Organisational thinking · 22 March 2026 · 5 min read

The second brain of the organisation.

Departments are memory. AI, used well, is recall. The brain is what connects them.

Every organisation has a first brain. You can see it in the org chart. It is the collection of people who hold context — the warehouse manager who knows which supplier delays in June, the finance lead who remembers why the chart of accounts is slightly broken in a specific place, the sales head who remembers why the Lahore deal was a bad one.

This first brain is irreplaceable and deeply fragile. It walks out of the door at 6 p.m. It retires. It gets tired. It occasionally gets a bad flight and cannot be reached for the Monday call.
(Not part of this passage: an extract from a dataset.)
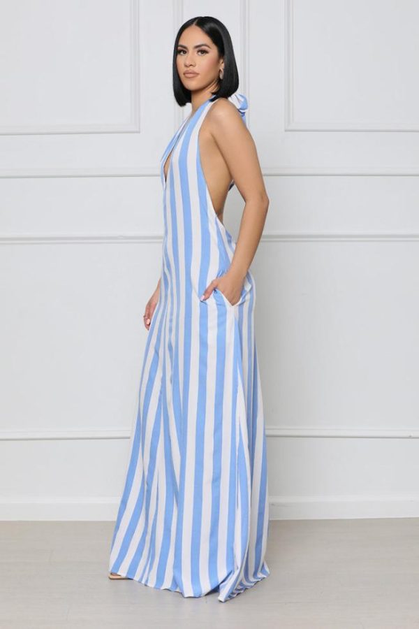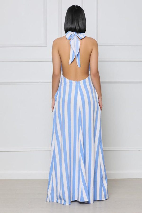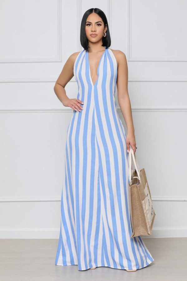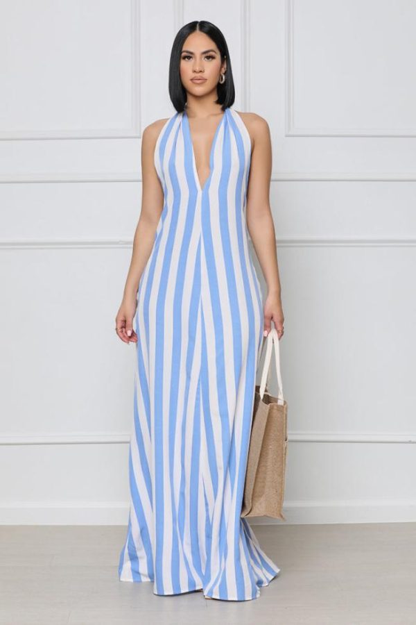The Striped Backless Halter Maxi Dress features a backless design, halter neck, and vertical stripes that offer a casual and contemporary style. This dress is the perfect piece to wear to brunch, at the beach, or anywhere you want a loose-fitting, airy look. Paired with nude heels and a straw handbag, this dress is sure to impress.

The second brain of the organisation is everything else. It is the ERP system. The reports. The emails. The procedures. The spreadsheets. The contracts. The decade of decisions that were never written down, but which someone on the ground can still recall if you ask them the right way.

For most of my career, the second brain has been mostly inert. It existed. It was searchable in theory. In practice, nobody had the time.

That is what AI changes.

Recall, not replacement

When I say “second brain,” I do not mean a robot that replaces your managers. I mean a memory that finally works.

An organisation’s memory has always been distributed across dozens of systems and hundreds of people. Large language models, used carefully, are the first technology that can hold that memory as one thing. Ask a clear question. Get an answer grounded in the company’s own data, its own reports, its own history. Not Google. Not the internet. The organisation, talking back to you, coherently.

That is a remarkable shift.

Memory is not strategy

A word of caution. Memory is not strategy. Recall is not judgement.

A manager is still required. The AI will tell you what happened. The manager decides what to do about it. Confusing the two — treating the second brain as a substitute for the first — is how organisations end up with a very fluent system that is making worse decisions, faster.

The UDE framework I write about is an attempt to hold both in one view. The first brain — leadership, judgement, accountability — sits at the top. The second brain — data, systems, AI — sits below it, feeding it. The engine in the middle is where the two meet.

The practical question

The practical question is not, how do I adopt AI? It is, what am I asking my organisation to remember, and how reliably can it remember it today?

If the answer is “not very,” the problem is not AI. The problem is that the second brain was never properly built. No amount of model intelligence will fix an organisation that does not know where its own information lives.

Start there. It is the least glamorous part of this work, and it is the work.